→ **YOUR GOAL**
From the records below, transcribe only the lines running from the one with "Der Sultan winkt" through the one with "Es gibt mehrere". Keep both of those end lines.
== RECORDS PROVIDED ==
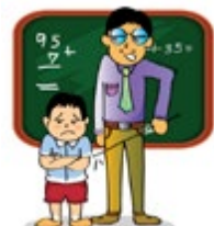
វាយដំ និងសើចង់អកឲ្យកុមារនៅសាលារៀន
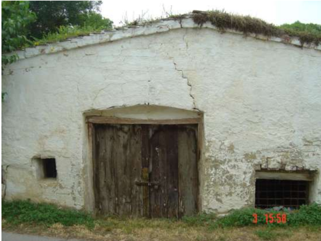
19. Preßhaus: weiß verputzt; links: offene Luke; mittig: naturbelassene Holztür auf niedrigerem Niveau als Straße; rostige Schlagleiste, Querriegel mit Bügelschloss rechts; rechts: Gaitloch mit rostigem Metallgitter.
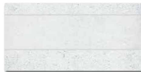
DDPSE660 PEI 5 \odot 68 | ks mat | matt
===
== RECORDS PROVIDED ==
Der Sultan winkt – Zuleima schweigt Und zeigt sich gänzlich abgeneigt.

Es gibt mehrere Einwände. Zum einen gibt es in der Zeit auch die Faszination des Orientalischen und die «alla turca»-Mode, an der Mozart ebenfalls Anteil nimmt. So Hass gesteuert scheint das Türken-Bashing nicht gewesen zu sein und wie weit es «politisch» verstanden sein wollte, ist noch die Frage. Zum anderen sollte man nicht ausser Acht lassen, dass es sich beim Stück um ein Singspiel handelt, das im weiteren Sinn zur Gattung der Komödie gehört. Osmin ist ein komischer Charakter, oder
===
== RECORDS PROVIDED ==
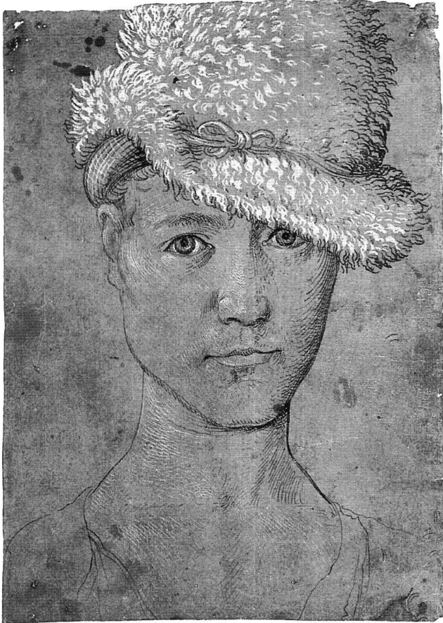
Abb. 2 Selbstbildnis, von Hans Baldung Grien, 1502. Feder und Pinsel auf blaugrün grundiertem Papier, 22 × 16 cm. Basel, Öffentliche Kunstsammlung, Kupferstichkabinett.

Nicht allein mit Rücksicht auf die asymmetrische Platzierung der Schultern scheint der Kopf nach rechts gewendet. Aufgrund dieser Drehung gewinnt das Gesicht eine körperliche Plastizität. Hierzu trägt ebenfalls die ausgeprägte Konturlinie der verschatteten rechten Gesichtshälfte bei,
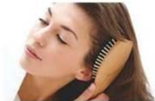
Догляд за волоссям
===
→ **RESPONSE TO THE TASK**
Der Sultan winkt – Zuleima schweigt Und zeigt sich gänzlich abgeneigt.

Es gibt mehrere Einwände. Zum einen gibt es in der Zeit auch die Faszination des Orientalischen und die «alla turca»-Mode, an der Mozart ebenfalls Anteil nimmt. So Hass gesteuert scheint das Türken-Bashing nicht gewesen zu sein und wie weit es «politisch» verstanden sein wollte, ist noch die Frage. Zum anderen sollte man nicht ausser Acht lassen, dass es sich beim Stück um ein Singspiel handelt, das im weiteren Sinn zur Gattung der Komödie gehört. Osmin ist ein komischer Charakter, oder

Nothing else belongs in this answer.